Indexing of tags can be disabled by setting environment variable TAGS_ENABLED
to n
(to enable, set to y
or leave empty).
In Memory Index
At index load time, the on-disk indexes are read and transformed into the in-memory index.
First, the tags index (if active) is read in, with two actions being performed for each tag
- The tag is assigned a numerical identifier
- An index mapping tag names to numerical identifiers is updated
- Index keys associated with the tag are retrieved from the second field of the entry
- A temporary index mapping main index keys to numerical identifiers is built
After this stage, we essentially have two indexes:
# Tag to id
INDEXES['TAGS'] = {
"foo" : 1,
"bar" : 2,
"sed" : 3,
}
# Site to ids
url_tags = {
"https://example.com/somepage" : [1, 3],
"https://example.com/anotherpage" : [2]
}
If the tags index isn't active, both of these indexes will be empty.
Next, the main index tombstone (if any) is read in.

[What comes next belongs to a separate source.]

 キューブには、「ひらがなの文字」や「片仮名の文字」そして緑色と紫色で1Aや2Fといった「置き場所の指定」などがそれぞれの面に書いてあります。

The main index is then read in, skipping any entry who's key appears in the loaded tombstone.
Each entry has the following form
idxitem = {
"u" : index_l[0], # url
"h" : index_l[1], # index hash
"t" : index_l[2], # content-type
"n" : index_l[3], # title/name
"i" : idx_num, # Index number
"p" : pth, # path
"d" : dom, # domain
"k" : [], # tag IDs
}
The idx_num
is a calculated number used to shard the index, allowing parallelisation at search time.
pth
and dom
are derived from the key, allowing searches to perform fast prefix and domain matching the index alone.

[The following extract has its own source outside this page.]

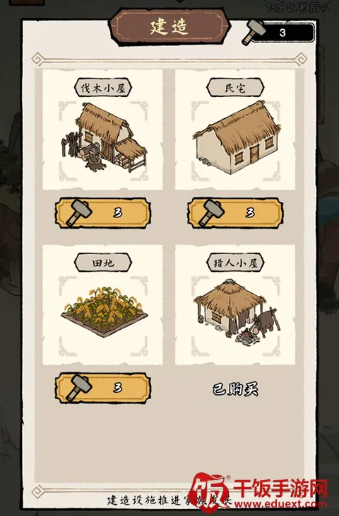 6、收集到足够用的锤子就可以用来建造建筑,打造自己的家园啦。

The index item's key is used to look up associated tag ids (if any) in url_tags
so that attribute k
can be populated.
The result is something like
idxitem = {
"u" : "https://example.com/somepage", # url
"h" : "cdbe3bcae7beadf19f97c277ab08fe7a716e482eff43d5a21cacbdf5e2a04721", # index hash
"t" : "text/html", # content-type
"n" : "My example Page", # title/name
"i" : 1, # Index number
"p" : "/somepage", # path
"d" : "example.com", # domain
"k" : [1, 3], # tag IDs
}
Once the index has been fully loaded, the in-memory copy of the tombstone and url_tags
are discarded.
Storage Files
Storage files are gzipped text files containing headers and a payload:
KEY:<key>
HASH:<hash>
DOMAIN:<domain>
PATH:<path>
FILE:<filename>
CONTENTTYPE:<mimetype>
TITLE:<title>
<JSON payload>
Headers are primarily consumed when building the index and allow index builds to occur without needing to unnecessarily consume potentially large payloads.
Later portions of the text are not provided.